Another way is you can detect when the user stops typing, something like after 3 seconds of not typing in the field, hit the server to check it.
Thank you so much for this series.
Thank you for the video sir.
Just a question on how can I access validation error if my create and edit modal is on the same page?
+Coder’s Tape Thank you sir.
Did you check out the videos on RESTful controllers in this series? I think it might answer your questions.
Always great contents 😉
But what if we use uuid? The url becomes too long before the slug.
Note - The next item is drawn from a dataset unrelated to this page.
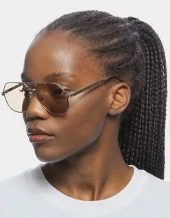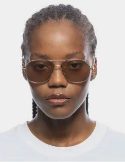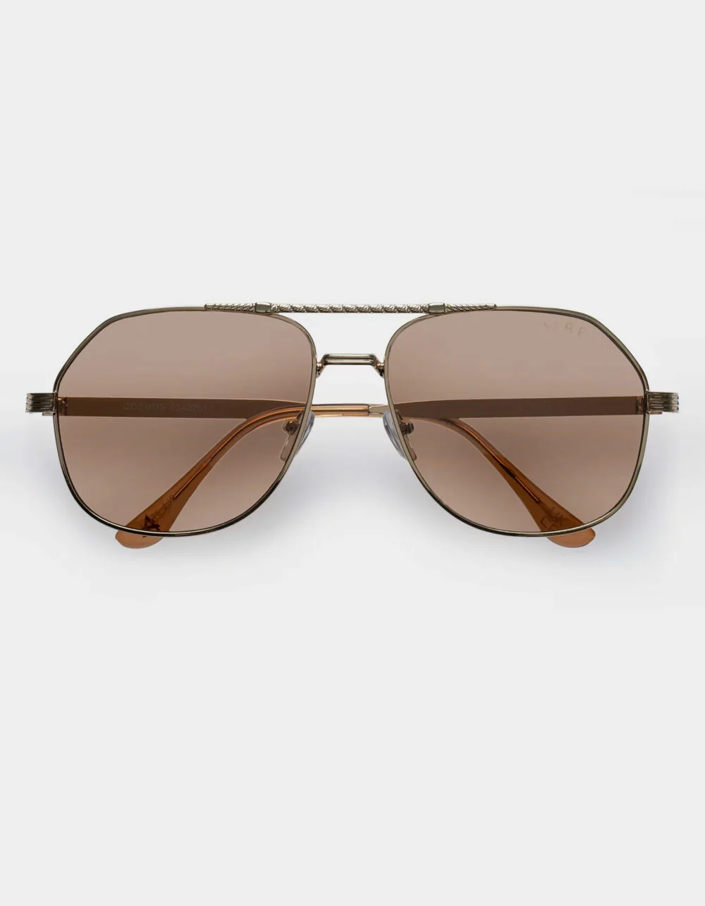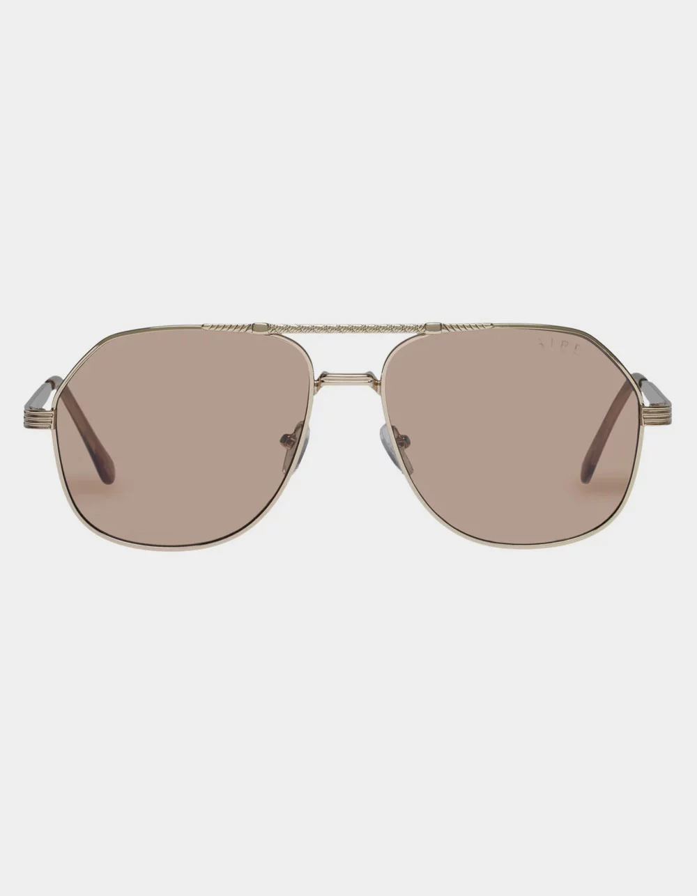 AIRE Cosmos Sunglasses. 70s inspired aviator sunglasses. Full rim metal featuring a textured metal top bar. Bright gold frame featuring on trend tan tint lenses. AIRE logo lens etch and gold foil tip. Made from metal using GRS certified recycled polycarbonate materials components. Packaged with AIRE khaki sunglass pouch made from GRS certified recycled materials. Imported.
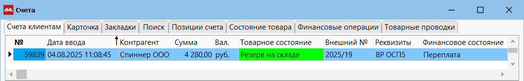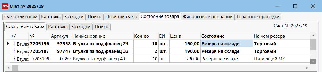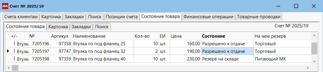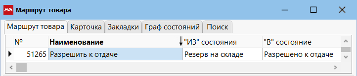 Откройте форму состояние товара. Если товарных позиций, которые необходимо разрешить к отдаче, несколько, отметьте их пробелом. Пометка всех записей в списке — CTRL+A.

Do you have advices on this?
+Coder’s Tape , this is pure gold!
Thanks 😉
Couple of things to consider…
1. /posts/my-cool-title/HUGEUUIDHEREATTHEND
Your route would look something like Route::get(‘/posts/{slug}/{uuid}, ‘PostsController@show’);
2. /posts/my-cool-title?uuid=HUGEUUIDHEREATTHEND
Your controller can validate for uuid field and require it (if necessary) Search Engines don’t look at query strings in the URL so that would be a nice workaround.
All and all, if you have to use UUIDs to ensure uniqueness there’s no way of getting away from a huge URL.
Hope that helps.
Thanks again for the great video! Could you explain what are the pros and cons (if any) of generating slugs on the fly like you did versus storing them in a database?
+Coder’s Tape Interesting, thanks! I will definitely try it in my next project.
Great point! Generating them on the fly is no better or worse in terms of performance. The server can slugify a string in a split second BUT the one thing that does happen is that if the title of your post changes then your slug changes as well. You can have no control over keeping the original slug for that post. However, the best news is that even if the title/slug changes, the url still works with Laravel. Reason being that we are actually using the ID to fetch the record and that never changes. Give it a try and you’ll see.